A thin blue line runs through the nave of Durham Cathedral in England. Made from marble and marked with a center cross, it stretches twenty-five feet across the westernmost part of the nave. Medieval legend proclaims the line as a physical barrier protecting the sacred space of the clergy from the polluting presence of women. Unlike men, medieval women were forbidden to step over the line and enter the regular space of the church.
At first glance, this thin blue line seems to scream medieval misogyny.
But, stay with me, because there is more to the story…..
So let’s go back to Durham Cathedral. Harrowing stories from the 12th century life of St. Cuthbert (the patron saint of Durham Cathedral) tell of the consequences for women who attempted to transgress the thin blue line. One woman was struck with madness for just trying to take a shortcut. She was upset about the poor quality of the traveling road, as her feet kept sinking into deep puddles. So she decided to cut through the well-kept churchyard of Durham cathedral.
Her punishment was severe. As Simeon of Durham’s twelfth-century history of the church reads: “she was seized with some kind of indefinite horror, and cried out that she was gradually losing her senses.” After falling down in a fit, she was carried home where she died.
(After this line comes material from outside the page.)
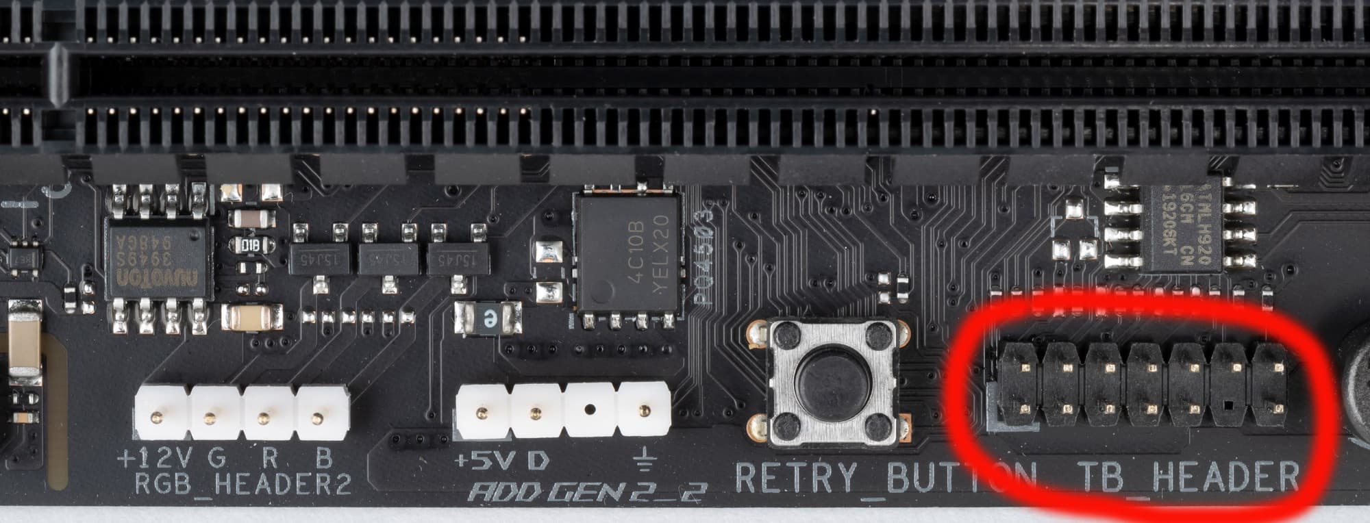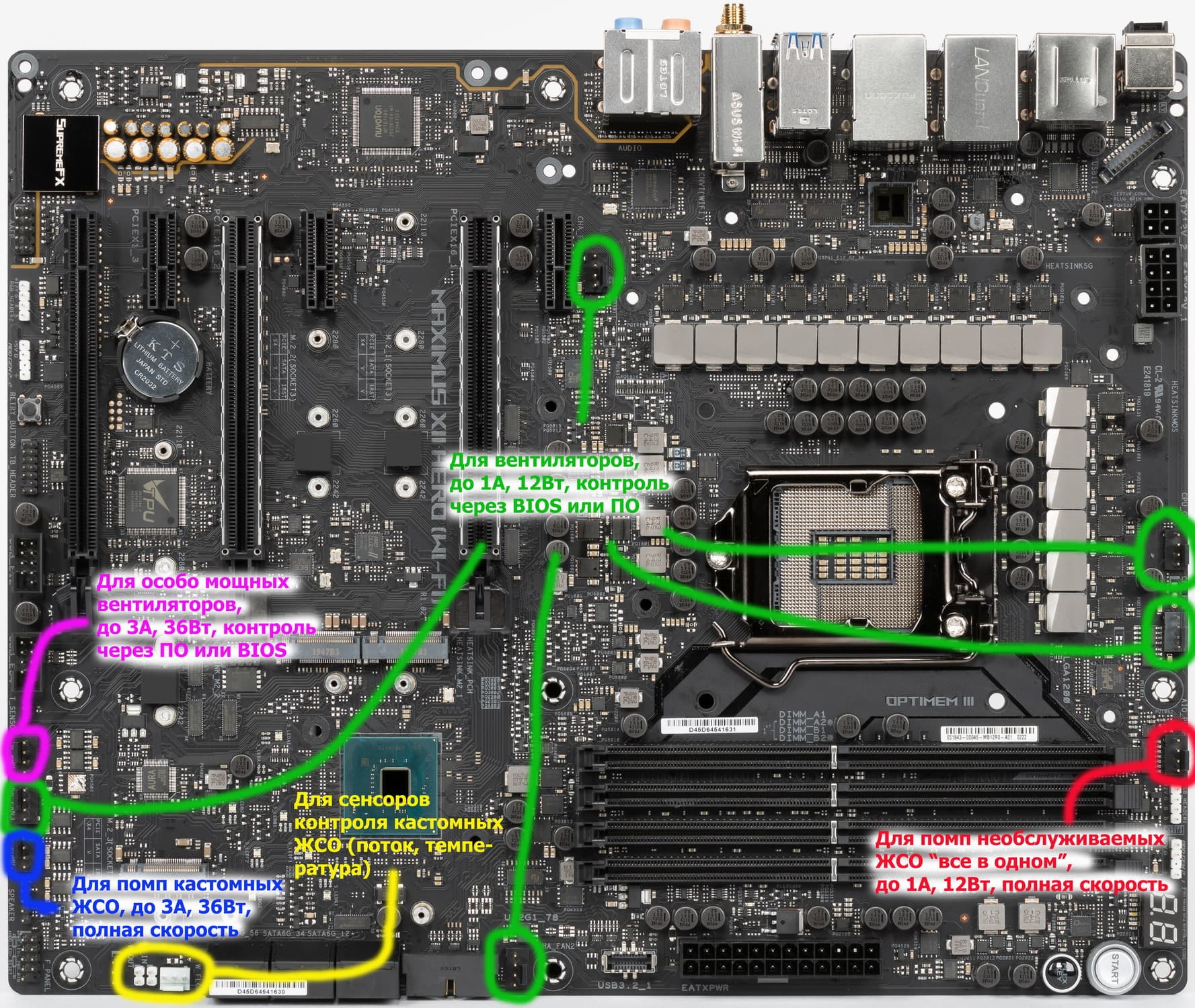 | Прочие внутренние элементы | 24-контактный разъем питания ATX 1 8-контактный разъем питания EPS12V 1 4-контактный разъем питания EPS12V 1 слот M.2 (E-key), занят адаптером беспроводных сетей 1 разъем для подключения порта USB 3.2 Gen2 Type-C 1 разъем для подключения 2 портов USB 3.2 Gen1 2 разъема для подключения 4 портов USB 2.0 8 разъемов для подключения 4-контактных вентиляторов и помп ЖСО 2 разъема для подключения неадресуемой RGB-ленты 2 разъема для подключения адресуемой ARGB-ленты 1 разъем аудио для передней панели корпуса 1 разъем Thunderbolt 1 разъем для термодатчика 2 разъема для подключения управления с передней панели корпуса 1 кнопка Retry 1 кнопка включения питания Power 1 кнопка перезагрузки FlexKey (по умолчанию Reset) |

Another female transgressor was “inflamed woman-like” (as the text reads) to see the beautiful decorations within the church. The text continues: “Unable to bridle her impetuous desires, for the power of her husband had elevated her above her neighbours, she walked through the cemetery of the church.” Her punishment, perhaps because she was motivated by pride, was even more horrific. She went mad, bit out her own tongue, and then committed suicide by slitting her own throat. The account concludes with this statement: “Many other instances might easily be added to these, showing how the audacity of women was punished from heaven; but let these suffice…” (See Emilie Amt’s Women’s Lives in Medieval Europe if you would like a translated version of this source.)
While certainly extreme, these tales from Durham Cathedral are mostly not surprising. They fit with our understanding of how the medieval church, with its concern for sacerdotal purity, excluded the polluting presence of the female body from sacred space. A story about an exploding womb from the Life of St. Augustine graphically demonstrates how women’s bodies were perceived to physically contaminate sacred space. The narrative describes a woman who tried to enter a church nave in France that enforced gender restrictions similar to those in Durham. When she approached the boundary line, the text explicitly states how her “entrails suddenly burst out; the secret parts of her womb flowed upon the earth, and she fell down miserably and died.”
These are difficult stories. They not only clearly prohibit women from the sacred space off the nave, but they underscore the divinely-proclaimed consequences for female transgressors—painful and poignant death.
As I have already suggested, however, there is more to these stories than simple misogyny. Cuthbert, a 7th century saint, did not become a misogynist until four hundred years after his death. The stories blaming him for forbidding women from entering Durham Cathedral have a very particular source. They stem from the 1083 (post-Norman Conquest) replacement of married clergy at Durham cathedral with Benedictine monks. This was a difficult change to enforce, as you might well imagine. To help smooth the transition, Jane Tibbets Schulenburg in her 2005 article “Gender, Celibacy, and Proscriptions of Sacred Space” writes, “the famous seventh-century patron St. Cuthbert was conveniently provided with a posthumous abhorrence of females. Thus the reform writings of Symeon of Durham served to reshape the patron saint of Durham according to the blatant prejudices of the period.” Cuthbert became a misogynist to further the ecclesiastical campaign for clerical celibacy.
Wait–did you hear that? Cuthbert became a posthumous misogynist to further the ecclesiastical campaign for clerical celibacy. Cuthbert himself never really had a problem with women (in fact, evidence from his life shows that he worked well and closely with women).
In other words, the exclusion of women from the nave of Durham Cathedral stemmed from an attempt to enforce clerical celibacy. Indeed, the woman who died because of her “impetuous desires” to see the beauty of Durham Cathedral was married to a man who, after being widowed, wore the “dress of a monk”. The death of a woman through the “curse” of Cuthbert helped enforce clerical celibacy for a new member of the monastic community.
So what was really going on in Durham Cathedral? The prohibitions made against women had little to do with women. The prohibitions had to do with men in the church trying to enforce an unpopular law. This reminds me of a statement often made by Ben Witherington III: “the problem in the church is not strong women, but rather weak men who feel threatened by strong women…..”
Let’s just think about that for a while.